The most recent enacted change affecting Airbnb rules in Santiago de Chile was the incorporation of STR activity into the general tourism accommodation framework under Decreto Supremo N° 222 of 2011 (Ministerio de Economía), which remains the operative national-level instrument.

Municipal ordinances at the Municipalidad de Santiago level have not introduced new STR-specific legislation since the 2023 updates to commercial activity permits.

The Chilean Congress has discussed broader digital platform taxation and housing affordability measures in committee, but no bill with direct regulatory consequences for short-term rental operators has reached a floor vote or entered the official legislative calendar as of the last updated date.

Hosts should monitor the Biblioteca del Congreso Nacional for committee activity, as housing-supply legislation introduced in 2025 could extend to STR density limits if amended.

11. Resources and Contact Information

Government Agencies

Santiago de Chile does not operate a single dedicated STR enforcement agency. Regulatory authority is distributed across municipal and national bodies depending on the specific issue (tax compliance, zoning, consumer protection).

Municipalidad de Santiago

  • Address: Plaza de Armas 92, Santiago Centro, Región Metropolitana

  • Phone: +56 2 2386 1000

  • Website: municipalidaddesantiago.cl

Servicio de Impuestos Internos (SII) national tax authority responsible for tourist accommodation tax registration and income reporting obligations.

  • Phone: 22 395 1115

  • Website: sii.cl

  • Registration Portal: sii.cl (Inicio de Actividades)

Servicio Nacional del Consumidor (SERNAC) handles guest complaints against hosts regarding consumer rights violations.

  • Phone: 800 700 100

  • Website: sernac.cl

Filing Complaints

Think a neighbor is breaking the rules? There are two main ways to report them. For zoning violations or unlicensed commercial activity, you go straight to the local municipalidad where the property sits, like the one in Las Condes. Each one has its own inspection unit (Dirección de Obras Municipales).

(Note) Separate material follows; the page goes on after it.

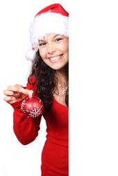 Keywords: board christmas claus female bauble girl happy hat pretty red santa smile white woman xmas young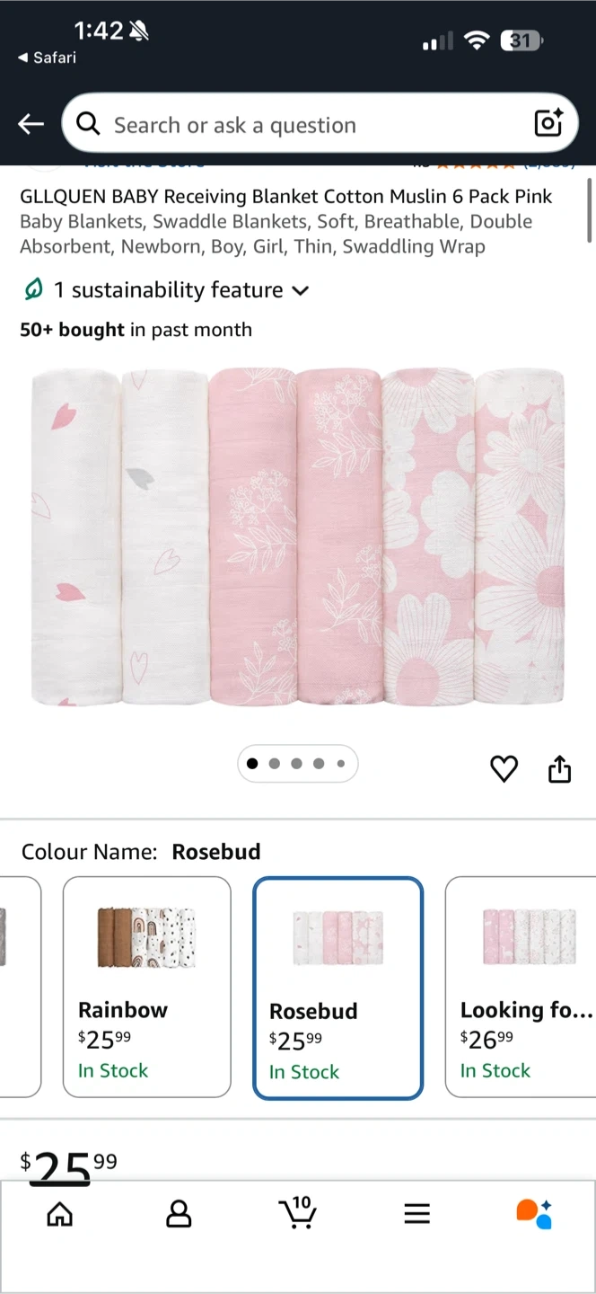 Selling a set of GLLQUEN baby receiving blankets! These are cotton muslin blankets, perfect for swaddling. The pack includes 6 blankets in a lovely rosebud colour. They are soft, breathable, and absorbent, great for newborns, boys, or girls. Originally bought for $25.99

But if it's tax evasion you're worried about, that's a different beast entirely; you'll file that complaint directly with the SII using its online "Denuncia Tributaria" form.

Disclaimer

Let's be blunt: this page isn't legal advice. It's just a guide. The short-term rental regulations in Santiago de Chile are a tangled mess, and they can change overnight based on something as small as a new enforcement circular from a single municipality.

You must consult with a qualified Chilean lawyer and a tax professional to make sure you're actually compliant. The rules are constantly evolving, and ultimately, it's your responsibility to keep up.